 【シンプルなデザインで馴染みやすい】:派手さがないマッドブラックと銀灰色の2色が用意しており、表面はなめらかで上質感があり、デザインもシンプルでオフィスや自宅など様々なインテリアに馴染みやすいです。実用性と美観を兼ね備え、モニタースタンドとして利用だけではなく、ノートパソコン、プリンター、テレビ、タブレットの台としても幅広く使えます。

- - - - - - -

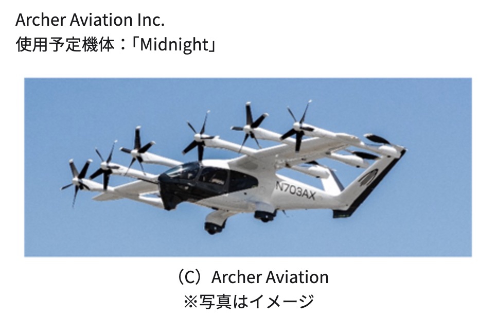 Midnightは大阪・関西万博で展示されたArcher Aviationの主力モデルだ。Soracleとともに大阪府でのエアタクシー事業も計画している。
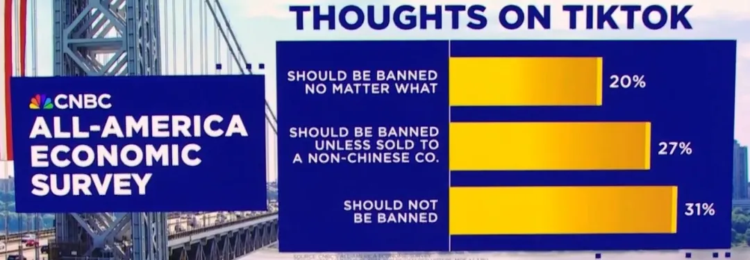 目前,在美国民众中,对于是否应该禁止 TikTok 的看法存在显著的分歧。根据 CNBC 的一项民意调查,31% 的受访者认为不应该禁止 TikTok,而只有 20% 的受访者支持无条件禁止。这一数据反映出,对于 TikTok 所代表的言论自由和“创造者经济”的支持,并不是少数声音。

- - - - - - -

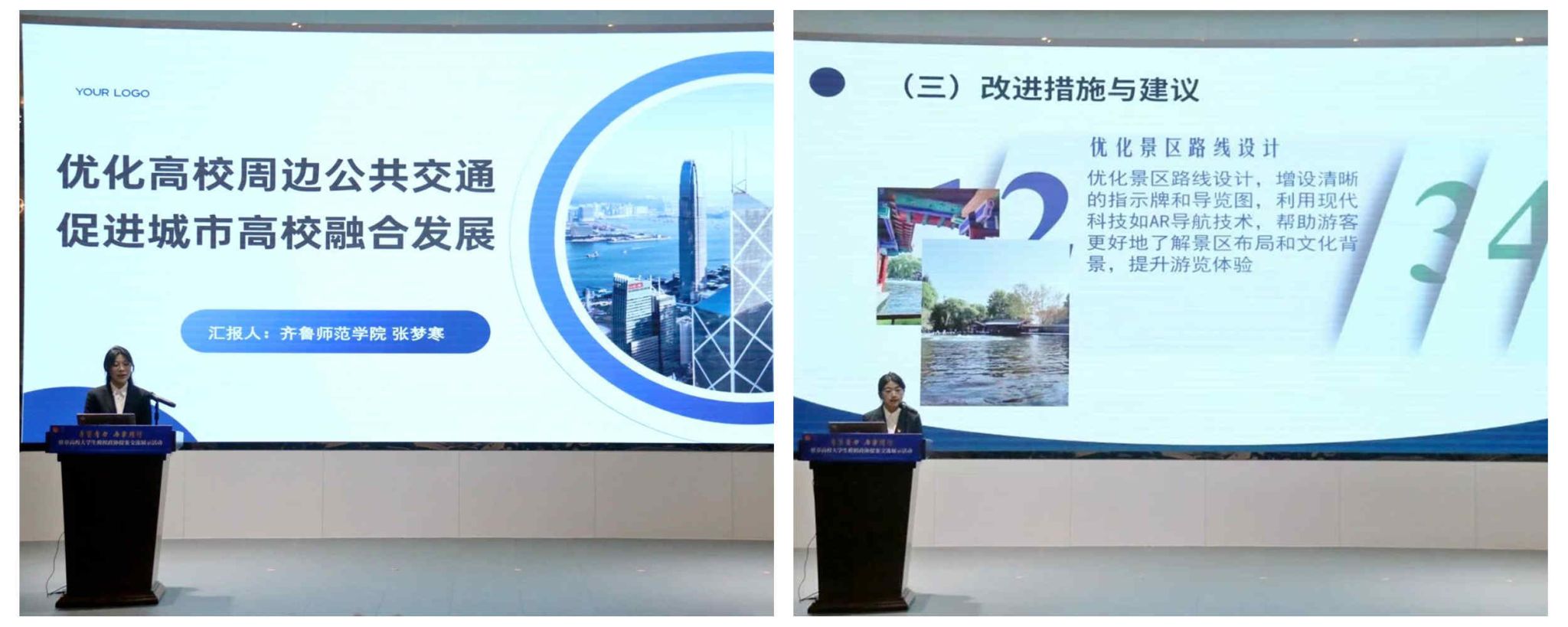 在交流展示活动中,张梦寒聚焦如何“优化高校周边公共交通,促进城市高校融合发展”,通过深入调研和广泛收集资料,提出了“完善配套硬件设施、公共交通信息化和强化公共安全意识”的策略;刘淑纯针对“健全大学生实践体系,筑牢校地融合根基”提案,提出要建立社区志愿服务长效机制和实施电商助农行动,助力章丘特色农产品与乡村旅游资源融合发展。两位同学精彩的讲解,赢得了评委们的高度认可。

- - - - - - -

◆ Task description ◆
Treat the line with "Midnightは大阪・関西" as the start and the line with "目前,在美国民众中,对于是否应该禁止 TikTok 的看法存在显著的分歧。根据" as the end, and return exactly that span of the data above, both ends included, without pictures.

◆ Reply ◆
 Midnightは大阪・関西万博で展示されたArcher Aviationの主力モデルだ。Soracleとともに大阪府でのエアタクシー事業も計画している。
 目前,在美国民众中,对于是否应该禁止 TikTok 的看法存在显著的分歧。根据 CNBC 的一项民意调查,31% 的受访者认为不应该禁止 TikTok,而只有 20% 的受访者支持无条件禁止。这一数据反映出,对于 TikTok 所代表的言论自由和“创造者经济”的支持,并不是少数声音。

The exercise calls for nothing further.